Fracking company sues Slovenia over ‘unreasonable’ environmental protections

Climate Home News | 9 September 2020

Fracking company sues Slovenia over ‘unreasonable’ environmental protections

By Joe Lo

A British oil and gas company is suing the Slovenian government for making them do an environmental impact study before fracking near a water source.

In a letter to the Slovenian government, the company’s lawyers described the government’s actions as “arbitrary and unreasonable”. Environmentalists said it was the company whose behaviour was “outrageous”.

Friends of the Earth Slovenia accused Ascent of endangering the country’s drinking water supply and urged the new Slovenian government not to bow to pressure.

Paul de Clerck, economic justice coordinator for Friends of the Earth Europe, said: “It’s a scandal that, amid a climate and environmental emergency, a country like Slovenia can be sued for doing the right thing, protecting its water and environment from destructive fracking.”

London-based Ascent Resources is taking legal action using the UK-Slovenia bilateral investment treaty and the controversial multilateral Energy Charter Treaty (ECT), which the UK and Slovenia have both signed up to.

The ECT has previously been used by a German energy company to fight the Dutch government over coal phaseout plans and by a Swedish company to sue the German state over its policies against nuclear and coal power.

In 2007, Ascent entered a joint venture with a state-owned Slovenian company called Geonergo to extract gas from Petišovci in eastern Slovenia and sell it to Croatian company INA. It says it has since invested €50m (US$59m) in the project.

In 2017, the company decided it needed to inject water underground to stimulate gas flow, known as fracking, and applied for government permission. Ascent’s lawyers say that they did not need to apply for this but Geonergo did so anyway “in an abundance of caution”.

In March 2019, the Slovenian Environment Agency (ARSO) ruled that the company must conduct an environmental impact assesment because the site is close to water sources.

Ascent’s lawyers said this decision went against expert opinions from several other government bodies and was “manifestly arbitrary and unreasonable”. They add that the Minister of the Environment and Spatial Planning’s public criticism of the company and leaks from ARSO to the press show that ARSO was “biased” and its decision was “politically motivated”.

Geonergo challenged ARSO’s decision but, in May 2020, the Slovenian court ruled against the firms. In July, Ascent’s London lawyers told Slovenia they were taking legal action.

Lidija Živčič, from Friends of the Earth Slovenia, told Climate Home News she feared the Slovenian government elected in March 2020 would reverse the previous government’s opposition to fracking.

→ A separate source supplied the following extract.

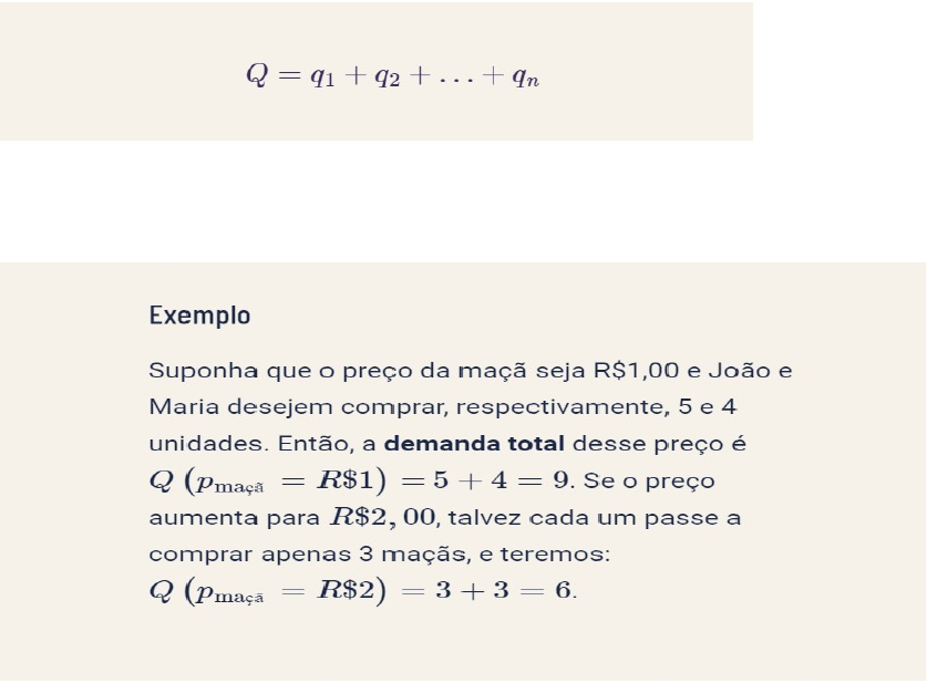 Curva de demanda agregada Você sabe o que é curva de demanda individual e agregada? Confira agora o conceito de cada uma delas! Curva de demanda individual: Mostra quanto um consumidor está disposto a pagar para obter um bem ou serviço, ou quantas unidades irá adquirir para cada preço. Curva de demanda agregada: Representa a quantidade total que o conjunto de consumidores de uma economia irá adquirir para cada preço. Supondo que em uma certa economia existam N indivíduos. A curva de demanda agregada pelo bem X será o somatório de todas as curvas de demanda individuais por aquele bem: Em que q1, q2, ..., qn são as demandas individuais de cada um dos N consumidores. A demanda de cada indivíduo para cada bem depende dos preços e da renda individual. Assim, a demanda agregada depende dos preços e também da distribuição de renda. Para simplificarmos, costumamos olhar para a demanda agregada como a demanda de um consumidor representativo, que tem sua renda igual à soma de todas as rendas individuais. Podemos notar que a curva de demanda agregada tem inclinação negativa, ou seja, quanto maior o preço, menor a quantidade demandada pelos consumidores, tudo o mais sendo constante. No geral, as curvas de demanda possuem inclinação negativa, com algumas exceções. Elasticidade-preço da demanda É interessante ter uma medida da sensibilidade da demanda a mudanças no preço e na renda, que também é conhecida como elasticidade. A primeira delas é a elasticidade-preço da demanda (denotada por 𝜖 ): é apenas a mudança percentual da quantidade dividida pela mudança percentual no preço. Representamos a variação da quantidade por Δ𝑄 e, portanto, a variação percentual é a razão Δ𝑄/𝑄 (análoga para o preço). Podemos escrever a expressão da elasticidade-preço e manipulá-la ligeiramente: Ou seja, a "inclinação da curva" é apenas o nome da razão entre a variação da quantidade (Δ𝑄) e a variação do preço ( Δ𝑝): se o preço aumenta em uma unidade (Δ𝑝=1), a inclinação informa simplesmente quanto muda na quantidade demandada. o exemplo das maçãs, temos: Δ𝑝=1 (o preço aumentou de R$1,00 para R$2,00), Δ𝑄 a quantidade demandada total diminuiu de 9 para 6 maçãs), para valores iniciais 𝑝=1 e 𝑄=9. Substituindo na fórmula acima, obtemos uma elasticidade igual a 1/3 (interprete esse número a partir da definição de elasticidade). O sinal da elasticidade da demanda é, em geral, negativo, e por isso nos referimos comumente ao seu valor absoluto, de forma a permitir comparações mais simples - ou seja, ignoramos o sinal, supostamente negativo, salvo menção explícita em contrário. O gráfico, a seguir, apresenta a elasticidade da curva de demanda linear. Como podemos observar, em uma curva de demanda linear, a elasticidade da demanda varia conforme a quantidade e o preço. Seja a curva de demanda linear igual a q = a - bp, em que a e b são parâmetros quaisquer. A inclinação dessa curva é, portanto, -b. Utilizando a fórmula da elasticidade apresentada, temos: quando 𝑝=0, a elasticidade é 0 (zero). Quando 𝑞=0, a elasticidade é infinita. Para encontrarmos o valor de 𝑝 para que a elasticidade seja, em valor absoluto, igual a 1, podemos resolver a equação abaixo para 𝑝. Como pudemos observar na última imagem, a elasticidade é igual a 1 em valor absoluto no ponto médio. Podemos classificar um bem em: Elástico Quando sua elasticidade-preço for maior do que 1 em módulo. Um bem elástico é bastante sensível a variações no preço, e um aumento de 1% faz a quantidade reduzir em mais do que 1% (são bens dos quais os consumidores têm facilidade para abrir mão). Inelástico Quando sua elasticidade for menor do que 1 em valor absoluto. Uma curva de demanda inelástica é pouco sensível a variações no preço, e um aumento de 1% ocasionará uma redução de menos de 1% na quantidade. Elasticidade unitária Quando sua elasticidade for igual a |1|. Uma curva de demanda com elasticidade unitária é aquela em que a variação de 1% no preço leva a uma variação de 1% na quantidade demandada. Elasticidade renda da demanda Além da elasticidade-preço, temos a elasticidade-renda da demanda, que mede o quanto a quantidade demandada reage a variações da renda. Sua equação é análoga à de elasticidade preço da demanda, sendo nada mais do que a razão entre as variações percentuais da quantidade (Q) e da renda (m): A partir da elasticidade-renda, podemos classificar os bens em: Normais Cuja demanda cresce devido ao aumento da renda, e cuja elasticidade-renda é positiva. Exemplos comuns de bens normais são produtos de qualidade (como carne de primeira), que o consumidor quer adquirir em maior quantidade quando sua renda aumenta. Inferiores Cuja demanda diminui devido ao aumento da renda, e cuja elasticidade-renda é negativa. Bens de baixa qualidade (como carne de segunda), por sua vez, são frequentemente inferiores, porque os consumidores os abandonam à medida que a renda aumenta. Os bens são classificados com base na elasticidade-renda, que mede como a demanda por um bem muda em resposta a variações na renda. Bens com elasticidade-renda maior que 1 são considerados bens de luxo, pois sua demanda aumenta mais de 1% para cada 1% de aumento na renda. Já os bens com elasticidade-renda entre 0 e 1 são classificados como bens de necessidade, como remédios, cuja demanda não dobra mesmo que a renda dobre. Muitas vezes, a elasticidade-renda de bens é próxima de 1. Receita e elasticidade Receita é o quanto se ganha com a venda do bem, ou seja, é a quantidade vendida multiplicada pelo preço do bem. Quando o preço do bem varia, a quantidade também variará, ocasionando mudanças na receita. Se o preço da batata aumenta, sua quantidade demandada irá reduzir. O que acontecerá com a receita da venda das batatas? Isso dependerá da elasticidade-preço da batata. Seja a receita de vendas igual

The previous government, led by Marjan Šarec, had been preparing a law which would ban fracking. It was voted out before the law could pass and, Živčič said, Janez Janša’s new government seems much more in favour of fracking.

If fracking went ahead in Petišovci, Živčič said, the nearby sources of drinking water and thermal waters could be affected by the fracking chemicals. In other countries, poorly-built shallow fracking wells have injected gas into underground freshwater aquifers.

Fracking could also damage nearby ecosystems and would contribute to global climate change, Živčič said. The site is near the borders of Hungary and Croatia.

Friends of the Earth has brought attention to the case at the same time as members of the ECT are negotiating ‘modernisation’ of the treaty, which dates from the early 1990s.

The European Union wants to improve governments’ ‘right to regulate’ on climate change without facing legal action under ECT but nations like Japan and Kazakhstan are resisting reform.

Luxembourg’s energy minister has said his nation and others could leave the ECT if its environmental protections are not improved. Russia and Italy have already left the treaty after it was used to sue them.

An Australian mining company called Prairie Mining also announced ECT legal action this week. It says the Polish government has unfairly damaged its coal mining prospects by not renewing one of its concessions and granting part of another to a rival firm.